Les musulmans ( Fazlun Khalid ( Indonésie), Ibrahim Abouleish ( Egypte )) partagent cette vision du monde, selon laquelle l’humain n’a aucun droit de propriété sur la terre et que la logique de possession, qui se traduit par l’accumulation d’objets, contredit les valeurs de l’existence spirituelle.
Les conceptions religieuses pourraient aller du :
- Dualisme ontologique : Dieu est considéré comme éminemment transcendant, et le monde aucun lien sacré… l’écologie est alors profane et utilitaire
- Aux théories classiques des monothéismes …

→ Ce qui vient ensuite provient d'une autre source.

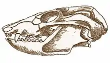The skull of Probainognathus was on average around 7 centimetres (2.8 in) in length, and lacked the pineal foramen.[1] The skull was broad in proportion to its length, the face was short and narrow, but its zygomatic region was relatively large, seemingly for jaw muscle attachment.[1] The skull also possessed a double occipital condyle, which is a typical mammalian feature.[9] In comparison to close relatives, such as Chiniquodon, the braincase of Probainognathus was broader in the parietal region, and the oticoccipital region of the skull was deeper. Likewise, the parietals had more depth, the occipital crest was higher, and the orbits were proportionately larger relative to the rest of its head. The sagittal crest was also lengthened posteriorly, and split into the occipital crests. This led to a straighter posterior margin, and a more concave occiput in Probainognathus.[1]

- Au panthéisme ou à l’animisme, dans lesquels Dieu est identifié au monde, la nature est sacrée car divine… ( immanence ..)
- Jusqu’au panenthéisme :
conception dans laquelle est affirmé que « Tout se trouve en Dieu ». La création ne serait que le pôle manifesté de Dieu… Tout a une âme … L’ésotérisme de diverses religions y
puisent…
Aujourd’hui, les grands courants spirituels participent activement au nouveau défi écologique :
- Le bouddhisme socialement engagé rappelle la non cohérence du bouddhisme avec le consumérisme
- En France la dynamique écospirituelle est portée par des sœurs orthodoxes ( Solan ), par Pierre Rabhi agronome, lama Denys Rimpoché du sangha Rimay ( notion d’interdépendance …)
- Le CCFD mouvement chrétien qui s’engage dans un travail de conscientisation sociale et individuelle à propos de l’écologie ( réflexion Nord-sud, les conséquences de l’hyperconsommation ..)
( Synthèse personnelle d’un dossier du ‘ Monde des Religions ‘ )
J. MOINGT La mort, la résurrection - la Vie …:
Les notes, ci-dessous, sont retranscrites à partir de ce que j’ai entendu d’un entretien avec Joseph MOINGT, un théologien prêtre jésuite, que j’écoute ou que je lis - avec la joie de comprendre ce dont j’ai l’intuition en lisant les Evangiles… J’adhère à tout ce qu’il exprime…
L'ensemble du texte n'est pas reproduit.